Its protected area status began on 12 November 1964 as a wildlife reserve proclaimed under the National Park and Wild Life Reserves Act 1891-1960 in respect to sections 92, 522, 688, and 850. On 3 August 1967, section 302 and all of the land in the wildlife reserve were proclaimed under the National Parks Act 1966 as the Kyeema National Park. On 27 April 1972, it was reconstituted as the Kyeema Conservation Park upon the proclamation of the National Parks and Wildlife Act 1972. On 4 April 1974, Sections 682 and 683 were added to the conservation park. As of 2016, it covered an area of 346 ha.

Prior uses of the land included use of section 522 both as a "labour prison reserve" and a camping ground. The labour prison reserve which was known initially as the Kyeema Afforestation Camp and then as the Kyeema Prison Camp was gazetted on 27 October 1932 and operated until 1959 when it was replaced by the Cadell Training Centre. The camping ground was operated by the National Fitness Council of South Australia from 1 September 1962 to 31 July 1964.
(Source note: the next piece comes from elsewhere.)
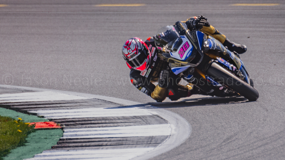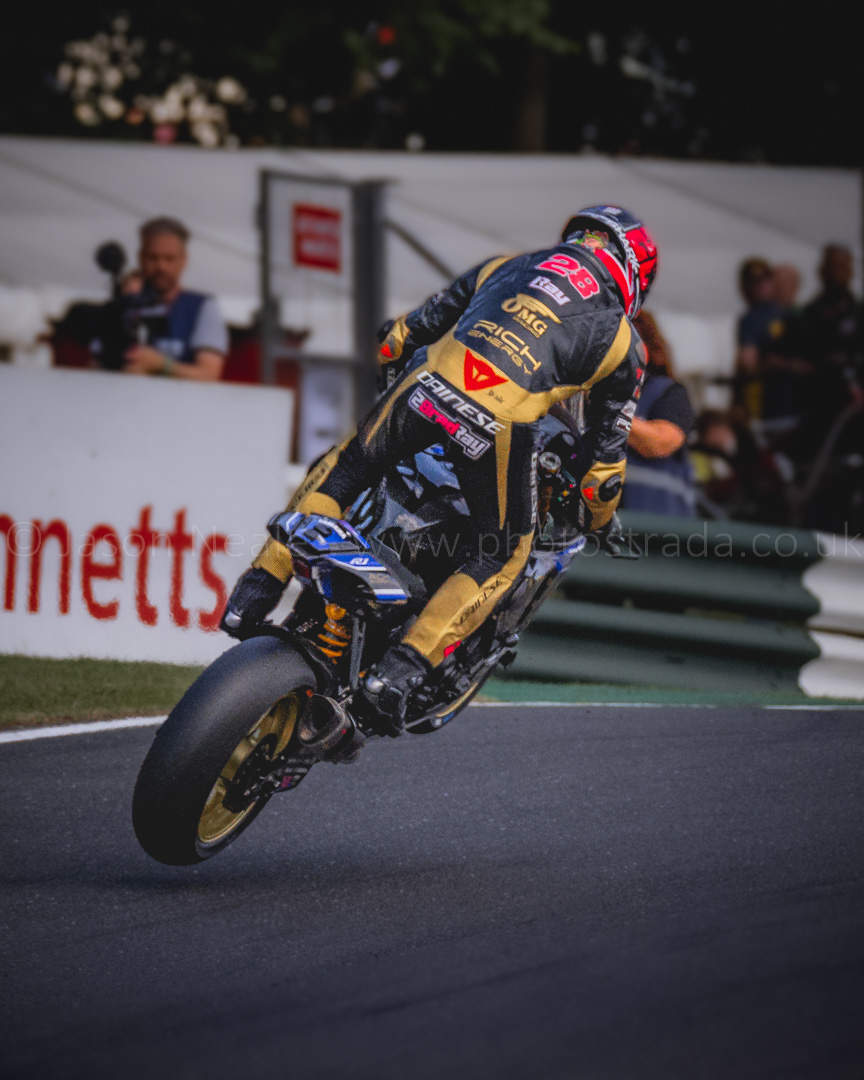 Bradley Ray, from Lydd in Kent here cranked right over on the Rich Energy OMG Racing Yamaha R1 at Oulton Park. Leading the field by a distance to win race 1. He went on to win race 2 and finish 3rd in race 3 to move up to lead the championship.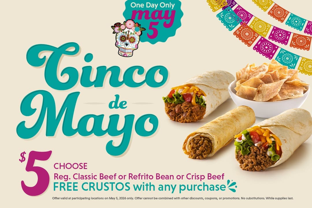 Classic Beef, Refrito Bean, or Crisp Beef burritos for just $5

In 1980, the conservation park's listing on the now-defunct Register of the National Estate argued it to be significant for the following reasons:A Park containing areas of very dense natural vegetation providing an excellent refuge for substantial populations of native fauna. Notable mammals include Isoodon obesulus (endangered in South Australia) and Rattus leutreolus (northern limit of South Australian range). Notable birds include the threatened scaly thrush and the uncommon beautiful firetail. Many uncommon plants are found within the Park, including the endangered Lomandra multiflora.

In 1980, the vegetation of conservation park was described as follows:A dissected plateau which supports Eucalyptus obliqua | E. baxteri open forest, frequently associated with E. cosmophylla | E. fascilulosa. Areas of extremely thick vegetation occur along some drainage lines and in areas of E cosmophylla | E fasciculosa scrub open areas, some of which are still being grazed, provide valuable feeding habitat for Macropus fuliginosus. The Park supports good populations of the typical Mount Lofty faunal assemblages.

In February 1983, it was damaged by the Ash Wednesday bushfires and became the focus of “a revegetation project involving local school students”. In the first three years after commencement, “approximately 20,000 seedlings were planted” in an area now officially known as The Childrens Forest. The replanting project continues under the control of a volunteer group known as The Friends of Kyeema Conservation Park which was formed in 1985 and which celebrated thirty years of operation in 2015.

The conservation park is classified as an IUCN Category III protected area.